Epicurean Vegan

Healthy eating for discriminating palates

Blueberry Muffins with Crumb Topping February 4, 2010

Filed under: Breads — epicureanvegan @ 2:21 pm
Tags: , , , ,


I found this recipe online from Vegetarian Times and I love that there is no oil and no need for egg-replacer. These are by far, the Best. Blueberry. Muffins. Ever. I added the crumb topping because really, that’s like icing on the cake . . . only sweet topping on the muffin!

INGREDIENTS:

Muffins:

1/4 C Earth Balance margarine

1/2 C apple sauce

1/2 tsp salt

1 C sugar

2 C flour

1 Tbs baking powder

1 tsp vanilla

1/2 C almond milk

2 C fresh blueberries

Crumb topping:

1/4 C sugar

1/8 C flour

3/4 tsp cinnamon

2 Tbs Earth Balance butter

DIRECTIONS:

Preheat oven to 350. Using an electric mixer, combine all the muffin ingredients, except the blueberries. Mix well. Fold in the blueberries.
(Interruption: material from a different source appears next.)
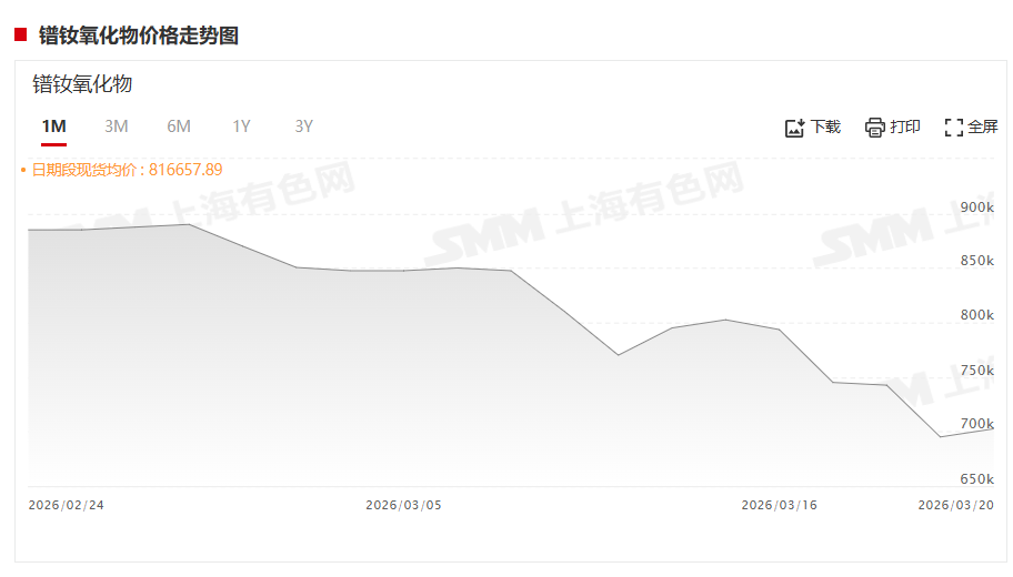 据SMM报价显示:氧化镨钕3月20日的价格为700000~705000元/吨,其均价为702500元/吨,较其前一交易日上涨7500元/吨,涨幅为1.08%。
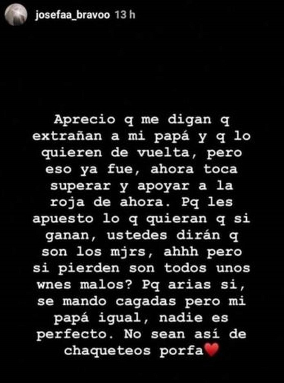 "Aprecio que me digan que extrañan a mi papá y que lo quieren de vuelta, pero eso ya fue", partió declarando la hija del histórico arquero nacional en sus historias de Instagram.

Either use muffin cups, or spray a muffin tin with cooking spray. Evenly fill each muffin cup (12). To make the crumb topping, combine all the crumb topping ingredients in a bowl and mix well using a fork.  Generously sprinkle the tops of each muffin with the crumb topping.

Bake for 30-33  minutes. Let cool on a rack for 5-10 minutes before removing from the pan. Enjoy!